C passing array of pointers

Question

This relates to C. I am having some trouble understanding how I can assign strings to char pointers within arrays from a function.

#include <stdio.h>
#include <string.h>

void function(char* array[]);

int main(void)
{
    char* array[50];
    function(array);
    printf("array string 0: %s\n",array[0]);
    printf("array string 1: %s\n",array[1]);

}

void function(char* array[])
{
    char temp[] = "hello";
    array[0] = temp;
    array[1] = temp;

    return;
}

Ideally, I would like the main printf function to return

array string 0: hello
array string 1: hello

But I'm having trouble understanding arrays of pointers, how these pass to functions and how to manipulate them in the function. If I declare a string like char temp[] = "string" then how do I assign this to one of the main function array[i] pointers? (assuming I have my jargon right)

Answer 1

first, you need to allocate the destination.

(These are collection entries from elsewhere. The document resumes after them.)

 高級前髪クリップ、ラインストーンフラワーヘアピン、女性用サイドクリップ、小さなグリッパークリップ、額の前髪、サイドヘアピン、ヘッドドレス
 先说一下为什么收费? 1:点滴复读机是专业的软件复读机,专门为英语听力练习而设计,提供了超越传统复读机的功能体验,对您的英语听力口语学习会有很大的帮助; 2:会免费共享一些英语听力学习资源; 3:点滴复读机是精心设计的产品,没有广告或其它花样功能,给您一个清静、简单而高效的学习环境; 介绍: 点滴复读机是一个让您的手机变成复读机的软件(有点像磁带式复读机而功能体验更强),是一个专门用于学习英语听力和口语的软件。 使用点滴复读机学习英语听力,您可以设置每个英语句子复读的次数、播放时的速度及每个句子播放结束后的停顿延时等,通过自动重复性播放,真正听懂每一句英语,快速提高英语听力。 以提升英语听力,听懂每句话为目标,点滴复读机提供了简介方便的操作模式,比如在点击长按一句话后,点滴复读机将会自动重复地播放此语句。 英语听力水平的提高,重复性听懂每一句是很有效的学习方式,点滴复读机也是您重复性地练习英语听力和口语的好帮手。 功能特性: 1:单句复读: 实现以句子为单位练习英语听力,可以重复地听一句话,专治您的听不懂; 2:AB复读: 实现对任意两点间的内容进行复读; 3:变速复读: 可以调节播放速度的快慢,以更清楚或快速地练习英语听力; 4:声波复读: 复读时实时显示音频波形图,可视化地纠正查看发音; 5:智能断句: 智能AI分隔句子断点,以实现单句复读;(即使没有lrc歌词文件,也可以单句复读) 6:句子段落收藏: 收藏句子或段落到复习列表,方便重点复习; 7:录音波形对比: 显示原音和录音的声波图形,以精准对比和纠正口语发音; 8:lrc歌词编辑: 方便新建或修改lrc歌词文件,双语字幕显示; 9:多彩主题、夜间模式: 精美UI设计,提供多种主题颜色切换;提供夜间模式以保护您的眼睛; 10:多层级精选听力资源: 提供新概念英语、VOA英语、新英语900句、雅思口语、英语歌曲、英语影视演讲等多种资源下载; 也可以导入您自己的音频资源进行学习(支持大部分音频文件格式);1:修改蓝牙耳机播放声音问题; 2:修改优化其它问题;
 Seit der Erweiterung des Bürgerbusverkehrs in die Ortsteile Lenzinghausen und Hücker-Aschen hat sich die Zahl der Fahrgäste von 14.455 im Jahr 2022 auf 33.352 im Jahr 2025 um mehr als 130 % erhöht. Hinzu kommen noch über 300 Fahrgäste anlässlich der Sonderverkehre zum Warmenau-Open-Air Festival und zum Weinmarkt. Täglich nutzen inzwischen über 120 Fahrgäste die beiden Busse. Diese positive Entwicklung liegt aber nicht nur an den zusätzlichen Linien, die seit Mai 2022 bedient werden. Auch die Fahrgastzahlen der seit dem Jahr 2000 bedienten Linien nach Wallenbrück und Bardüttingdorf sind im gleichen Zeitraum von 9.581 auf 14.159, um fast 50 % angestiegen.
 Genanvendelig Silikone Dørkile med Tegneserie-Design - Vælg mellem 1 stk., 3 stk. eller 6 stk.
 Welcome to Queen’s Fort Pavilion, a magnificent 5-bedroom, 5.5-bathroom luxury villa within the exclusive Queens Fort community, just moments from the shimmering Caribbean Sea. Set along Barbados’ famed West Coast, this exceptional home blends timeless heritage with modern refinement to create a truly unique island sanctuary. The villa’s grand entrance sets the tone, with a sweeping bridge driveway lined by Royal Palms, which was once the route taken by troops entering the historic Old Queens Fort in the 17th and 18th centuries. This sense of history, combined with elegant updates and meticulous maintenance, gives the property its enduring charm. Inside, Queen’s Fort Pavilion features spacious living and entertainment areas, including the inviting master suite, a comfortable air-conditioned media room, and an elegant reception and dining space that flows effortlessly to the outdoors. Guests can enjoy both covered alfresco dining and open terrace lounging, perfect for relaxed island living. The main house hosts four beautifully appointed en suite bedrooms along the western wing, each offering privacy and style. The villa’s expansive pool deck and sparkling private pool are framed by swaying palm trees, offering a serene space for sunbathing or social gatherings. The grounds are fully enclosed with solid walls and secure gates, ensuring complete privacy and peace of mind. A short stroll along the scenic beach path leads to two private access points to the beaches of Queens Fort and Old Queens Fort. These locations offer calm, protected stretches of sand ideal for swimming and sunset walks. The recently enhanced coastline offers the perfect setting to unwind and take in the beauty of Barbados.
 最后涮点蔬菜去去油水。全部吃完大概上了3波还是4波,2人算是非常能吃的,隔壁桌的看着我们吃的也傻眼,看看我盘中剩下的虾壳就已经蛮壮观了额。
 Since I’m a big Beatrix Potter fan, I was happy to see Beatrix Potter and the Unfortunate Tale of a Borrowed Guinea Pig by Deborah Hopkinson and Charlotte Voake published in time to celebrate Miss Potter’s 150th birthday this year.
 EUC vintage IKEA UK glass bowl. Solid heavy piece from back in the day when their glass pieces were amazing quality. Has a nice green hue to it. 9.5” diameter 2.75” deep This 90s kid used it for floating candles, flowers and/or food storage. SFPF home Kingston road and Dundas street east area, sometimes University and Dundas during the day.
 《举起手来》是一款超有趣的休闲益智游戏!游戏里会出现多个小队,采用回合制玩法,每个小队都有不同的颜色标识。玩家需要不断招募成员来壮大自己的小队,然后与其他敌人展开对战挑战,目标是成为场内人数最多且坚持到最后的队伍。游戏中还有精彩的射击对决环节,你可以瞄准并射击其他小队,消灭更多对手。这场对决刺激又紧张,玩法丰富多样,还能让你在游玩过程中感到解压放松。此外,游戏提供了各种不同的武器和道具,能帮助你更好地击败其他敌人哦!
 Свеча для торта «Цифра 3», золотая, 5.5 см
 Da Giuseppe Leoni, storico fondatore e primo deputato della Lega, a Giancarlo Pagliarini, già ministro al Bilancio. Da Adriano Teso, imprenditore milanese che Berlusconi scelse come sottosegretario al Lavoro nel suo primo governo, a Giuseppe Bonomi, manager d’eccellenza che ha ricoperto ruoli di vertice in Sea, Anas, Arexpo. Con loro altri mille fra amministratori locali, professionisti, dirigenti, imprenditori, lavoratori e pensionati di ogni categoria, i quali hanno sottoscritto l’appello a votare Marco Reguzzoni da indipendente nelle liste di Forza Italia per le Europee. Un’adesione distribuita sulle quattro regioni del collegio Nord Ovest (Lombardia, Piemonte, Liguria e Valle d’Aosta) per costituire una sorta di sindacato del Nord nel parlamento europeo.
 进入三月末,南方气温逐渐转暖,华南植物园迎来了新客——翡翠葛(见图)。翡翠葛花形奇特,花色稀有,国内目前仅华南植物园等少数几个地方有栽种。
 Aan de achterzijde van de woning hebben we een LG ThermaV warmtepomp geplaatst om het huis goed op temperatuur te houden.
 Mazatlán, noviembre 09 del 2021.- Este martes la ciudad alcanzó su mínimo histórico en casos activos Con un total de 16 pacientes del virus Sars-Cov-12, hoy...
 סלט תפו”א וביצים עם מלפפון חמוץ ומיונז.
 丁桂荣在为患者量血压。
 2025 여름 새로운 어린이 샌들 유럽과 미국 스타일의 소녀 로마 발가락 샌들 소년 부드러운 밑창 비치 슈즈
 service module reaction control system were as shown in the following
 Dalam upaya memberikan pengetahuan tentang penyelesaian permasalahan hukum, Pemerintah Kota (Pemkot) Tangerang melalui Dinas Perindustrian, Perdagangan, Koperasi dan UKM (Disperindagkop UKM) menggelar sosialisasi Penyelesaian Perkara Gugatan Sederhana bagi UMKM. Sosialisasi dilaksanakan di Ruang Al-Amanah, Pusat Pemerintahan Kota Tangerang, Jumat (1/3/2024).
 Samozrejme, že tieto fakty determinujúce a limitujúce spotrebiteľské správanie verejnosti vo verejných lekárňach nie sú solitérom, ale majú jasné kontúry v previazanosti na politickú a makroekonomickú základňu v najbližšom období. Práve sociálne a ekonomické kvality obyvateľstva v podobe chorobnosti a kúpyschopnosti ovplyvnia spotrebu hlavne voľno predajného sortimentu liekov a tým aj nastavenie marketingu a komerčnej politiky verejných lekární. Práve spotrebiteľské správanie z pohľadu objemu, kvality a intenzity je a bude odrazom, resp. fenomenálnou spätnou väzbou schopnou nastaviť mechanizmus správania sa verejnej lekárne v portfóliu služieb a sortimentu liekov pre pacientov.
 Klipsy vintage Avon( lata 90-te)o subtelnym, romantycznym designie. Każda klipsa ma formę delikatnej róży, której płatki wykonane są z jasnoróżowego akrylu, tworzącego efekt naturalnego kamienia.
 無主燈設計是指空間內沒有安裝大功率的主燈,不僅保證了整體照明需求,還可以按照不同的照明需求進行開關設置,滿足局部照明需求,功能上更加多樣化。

second, char temp[] = "hello"; in function() is local variable. you cannot use their outside of the function. use strcpy to copy the content.

#include <stdio.h>
#include <stdlib.h>
#include <string.h>

void function(char* dest)
{
    char temp[] = "hello";
    strcpy(dest, temp);
    return;
}

int main(void)
{
    // or just char dest[10] = {0};
    char *dest = malloc(10);

    function(dest);
    printf("dest: %s\n", dest);
}

In you program, you defined char* array[50];, so you need to create memory space for each item:

#include <stdio.h>
#include <stdlib.h>
#include <string.h>

void function(char* a[])
{
    char temp[] = "hello";
    strcpy(a[0], temp);
    strcpy(a[1], temp);
    return;
}

int main(void)
{
    char *a[50];
    int i = 0;
    for (i = 0; i < 50; ++i)
        a[i] = malloc(10);

    function(a);
    printf("a[0]: %s\n", a[0]);
    printf("a[1]: %s\n", a[1]);
}

Answer 2

how do I assign this to one of the main function array[i] pointers

1. Arrays cannot be assigned.
2. A pointer cannot hold an array, it can only refer to an array. For the latter the pointer needs to get an array's address assigned.

Referring 1.

This

char temp[] = "hello";

isn't an assigment, but an initialisation.

This

char temp[];
temp[] = "hello";

would not compile (the 2nd line errors), as an array cannot be assigned.

Referring 2.

This

char* array[50];

defines an array of 50 pointers to char, it could reference 50 char-arrays, that is 50 C-"strings". It cannot hold the C-"strings" themselfs.

Example

Applying what is mentioned above to your code whould lead to for example the following:

#include <stdio.h>
#include <string.h>

void function(char* array[]);

int main(void)
{
  char* array[50];

  /* Make the 1st two elements point to valid memory. */
  array[0] = malloc(42); /* Real code shall test the outcome of malloc() 
                            as it might fail and very well return NULL! */
  array[1] = malloc(42); 
  function(array);
  printf("array string 0: %s\n",array[0]);
  printf("array string 1: %s\n",array[1]);

  return 0;
}


void function(char* array[])
{
  char temp[] = "hello";

  /* Copy the content of temp into the memory that was allocated to 
     the array's 1st memebrs in main(). */
  strcpy(array[0], temp);
  strcpy(array[1], temp);

  return;
} 

Answer 3

char temp[] = "hello"; only creates a local, temporary array inside the function. So when the function exists, the array will be destroyed.

But with array[0] = temp; you're making array[0] point to the local array temp.

After the function returns, temp doesn't exist anymore. So accessing array[0] which pointed to temp will cause undefined behavior.

---

You could simply make temp static, so it also exists outside the function:

static char temp[] = "hello";

Or, you could copy the "hello" string to array[0] and array[1]. For copying C-strings, you normally use strcpy.

char temp[] = "hello";
strcpy(array[0], temp);
strcpy(array[1], temp);

However, before copying you need to make sure array[0] and array[1] point to memory that has enough space to hold all characters of "hello", including the terminating null character. So you have to do something like this before calling strcpy:

array[0] = malloc(6); 
array[1] = malloc(6);

(6 is the minimum numbers of characters that can hold "hello".)